Task. Quote all entries exactly, leaving pictures aside.

Data for this task.
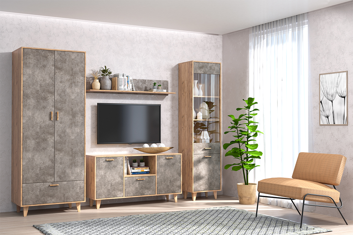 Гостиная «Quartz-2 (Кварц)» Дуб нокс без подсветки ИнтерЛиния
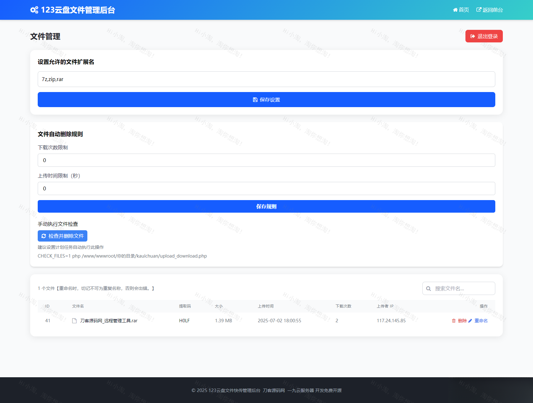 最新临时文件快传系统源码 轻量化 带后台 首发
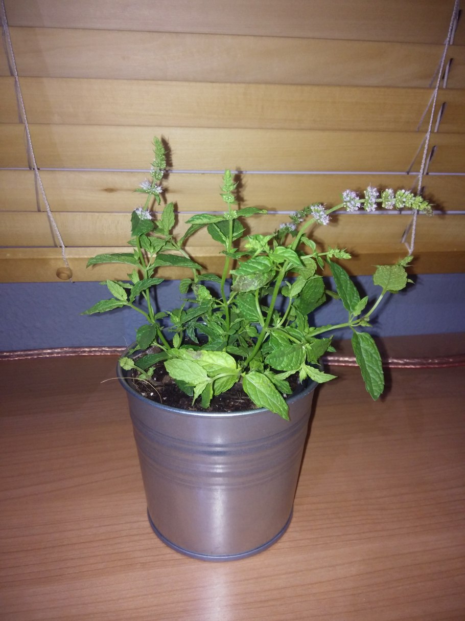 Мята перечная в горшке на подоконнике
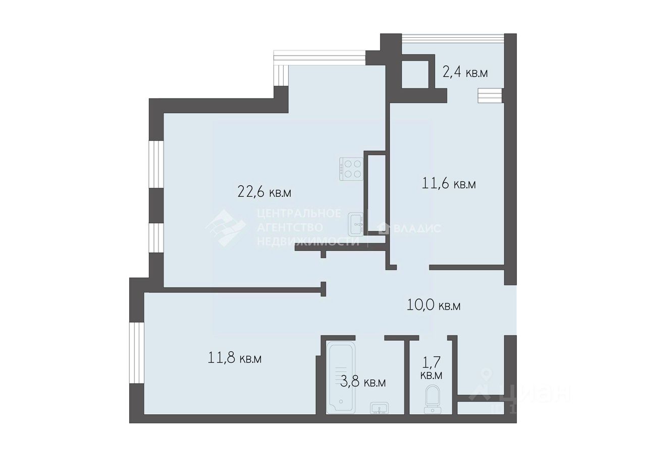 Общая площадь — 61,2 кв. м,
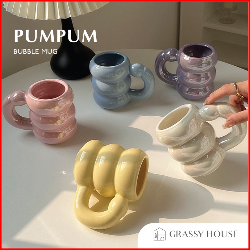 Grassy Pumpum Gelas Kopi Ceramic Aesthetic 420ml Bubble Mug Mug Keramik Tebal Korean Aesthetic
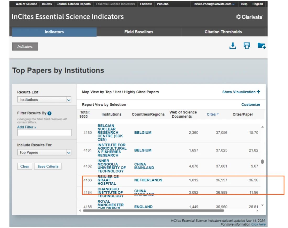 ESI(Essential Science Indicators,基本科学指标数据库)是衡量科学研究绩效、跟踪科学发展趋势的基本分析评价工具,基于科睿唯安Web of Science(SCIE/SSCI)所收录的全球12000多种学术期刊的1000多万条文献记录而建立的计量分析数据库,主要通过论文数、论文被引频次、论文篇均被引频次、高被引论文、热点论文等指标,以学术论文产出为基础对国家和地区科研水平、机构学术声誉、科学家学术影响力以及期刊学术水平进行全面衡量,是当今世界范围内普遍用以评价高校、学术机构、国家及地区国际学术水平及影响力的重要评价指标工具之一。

Solution for this task.
 Гостиная «Quartz-2 (Кварц)» Дуб нокс без подсветки ИнтерЛиния
 最新临时文件快传系统源码 轻量化 带后台 首发
 Мята перечная в горшке на подоконнике
 Общая площадь — 61,2 кв. м,
 Grassy Pumpum Gelas Kopi Ceramic Aesthetic 420ml Bubble Mug Mug Keramik Tebal Korean Aesthetic
 ESI(Essential Science Indicators,基本科学指标数据库)是衡量科学研究绩效、跟踪科学发展趋势的基本分析评价工具,基于科睿唯安Web of Science(SCIE/SSCI)所收录的全球12000多种学术期刊的1000多万条文献记录而建立的计量分析数据库,主要通过论文数、论文被引频次、论文篇均被引频次、高被引论文、热点论文等指标,以学术论文产出为基础对国家和地区科研水平、机构学术声誉、科学家学术影响力以及期刊学术水平进行全面衡量,是当今世界范围内普遍用以评价高校、学术机构、国家及地区国际学术水平及影响力的重要评价指标工具之一。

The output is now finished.